Circa 1830, style of Archibald Simpson, Aberdeen. Austere 2-storey over raised basement, 5-bay mansion. Grey granite ashlar, bull-faced granite raised basement frontage and return E gable (to Castle Street); harled rear and W return gable with sandstone ashlar margins. Shallow giant angle pilasters and advanced centre bay fronted by single storey coupled columned Greek Doric portico approached by flight of steps oversailing basement. Finely detailed panelled front door with side lights, panelled pilaster jambs, modillioned and corniced lintel and

decoratively glazed rectangular fanlight. Blind centre windows,

ground and lst floor, in E return gable. 12-pane glazing in ground

floor windows, 9-pane in basement, rear and return gable lst floor windows, all timber sash and case; front lst floor windows are 10-pane horizontal glazed casements.

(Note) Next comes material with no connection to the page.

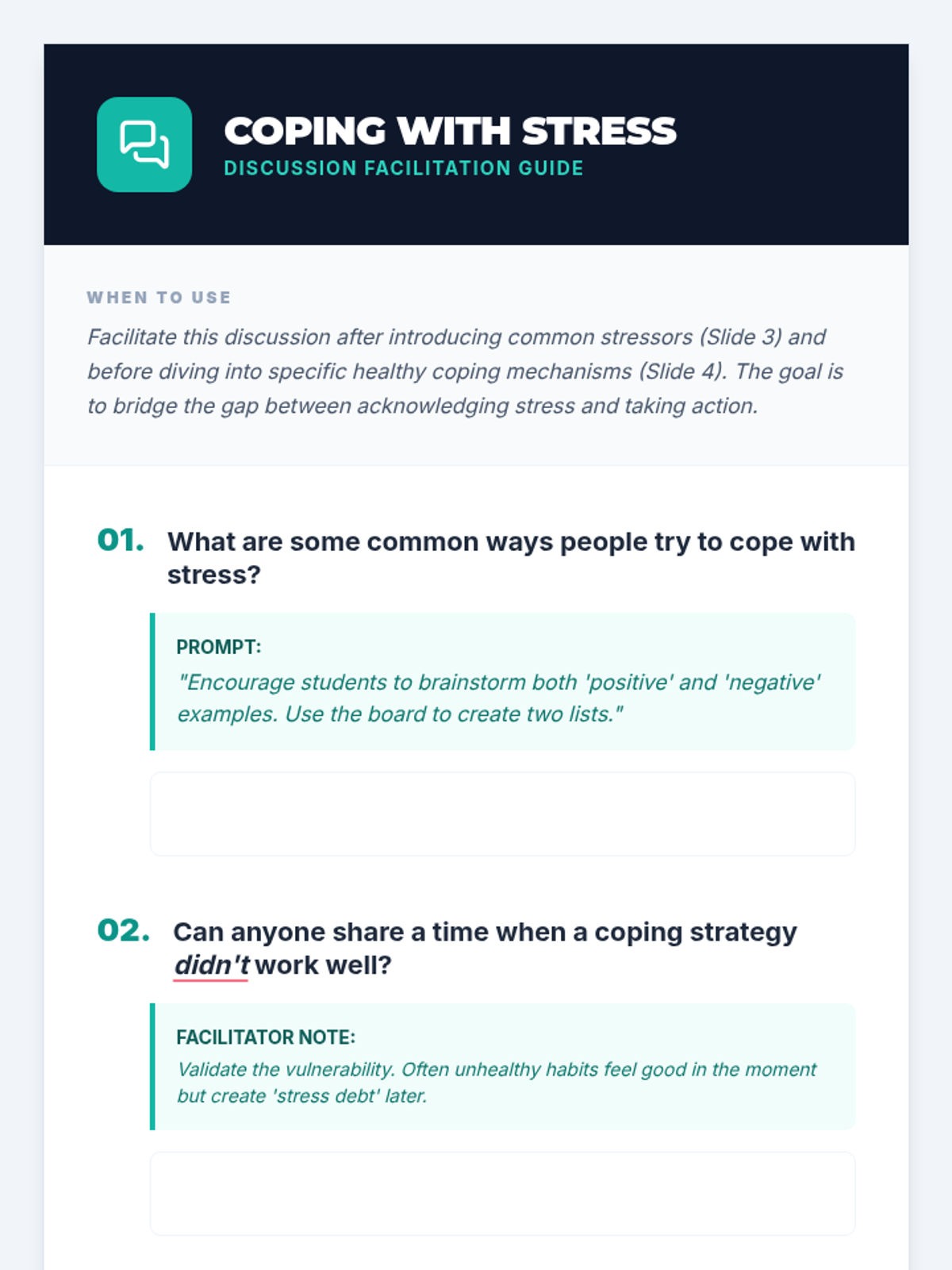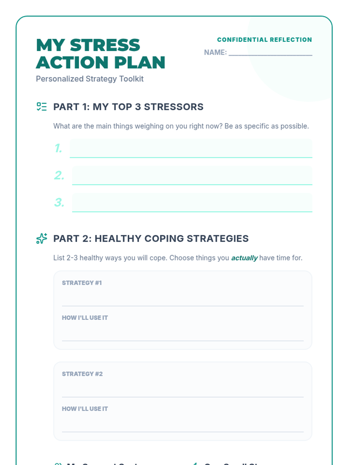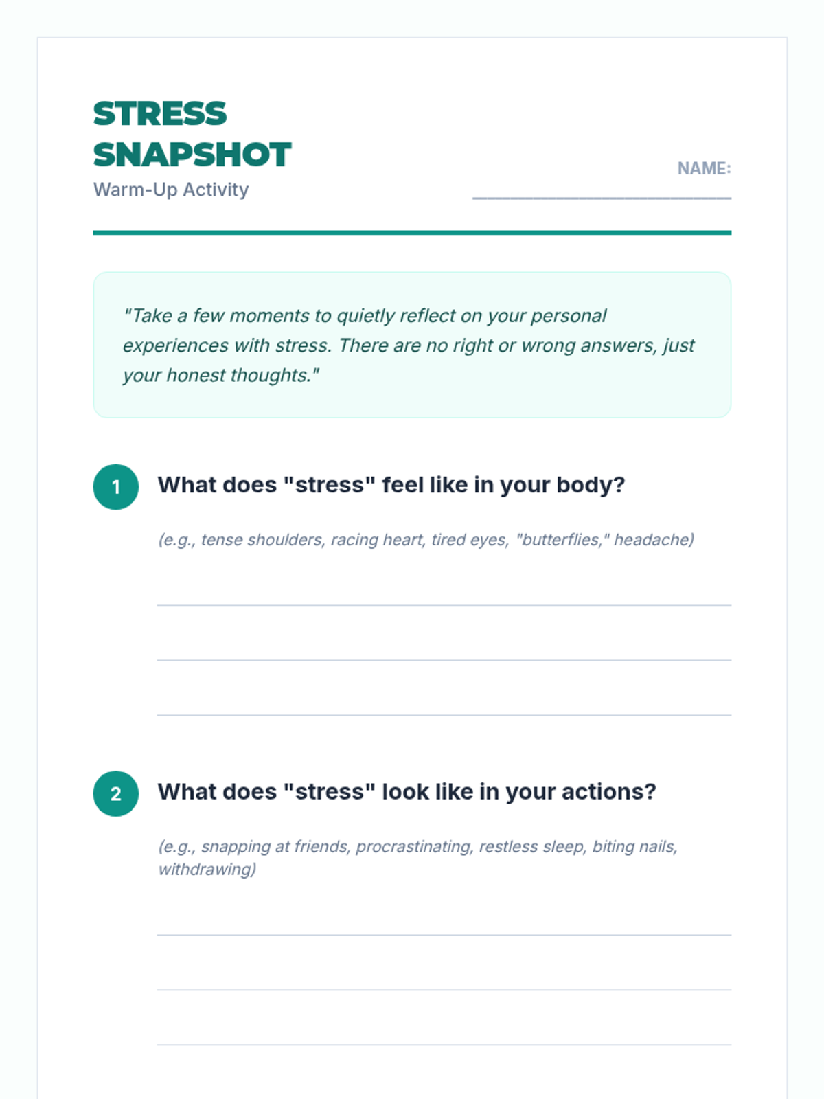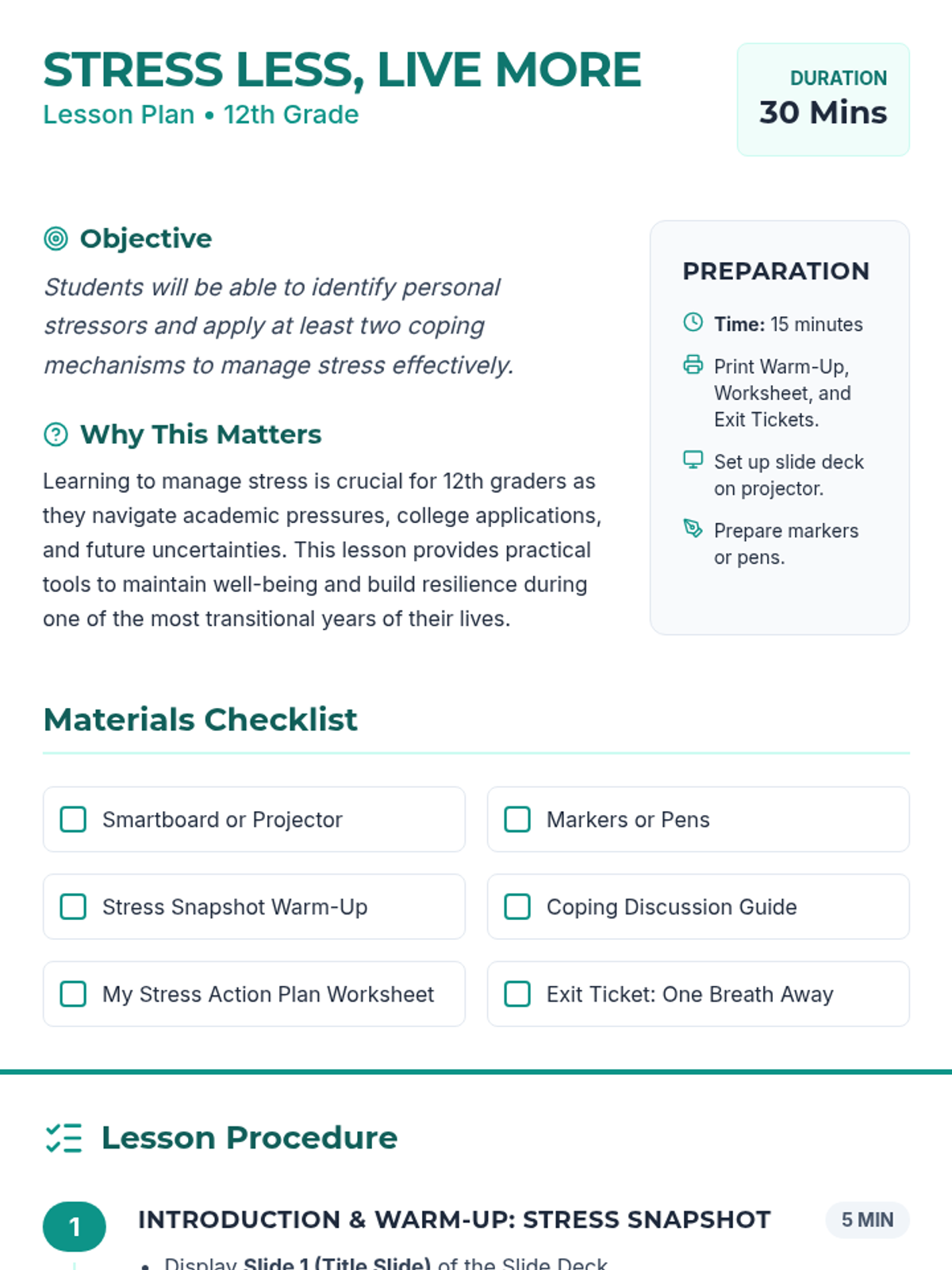 A 30-minute mental health lesson for 12th graders focused on identifying stressors and building a personal coping strategy toolkit.

Shallow piended slate roof with paired rear corniced stacks and single rear wallhead stack; modillioned soffits to front and E return gable; non-traditional roofing felt to portico. Decorative basement cast-iron spearhead railings with urn finials to stiffeners and matching pedestrian gate.

ENCLOSING WALLS: rubble and harled rubble walls enclose rear yard.

INTERIOR: finely detailed interior with pair fluted Greek Doric

hall screen columns, imperial staircase with ornate cast-iron

balusters and polished wood handrail. Pair circa 1800 white painted statues, 1 female bearing ewer and basin, 1 male with grapes and vine, on wooden plinths, stand in hall. Panelled doors with panelled door jambs; room left (W) with decorative plaster cornice and ceiling, shaped and beaded panelled doors and matching window shutters. Some rooms, including former dining room, subdivided as offices; no chimneypieces survive.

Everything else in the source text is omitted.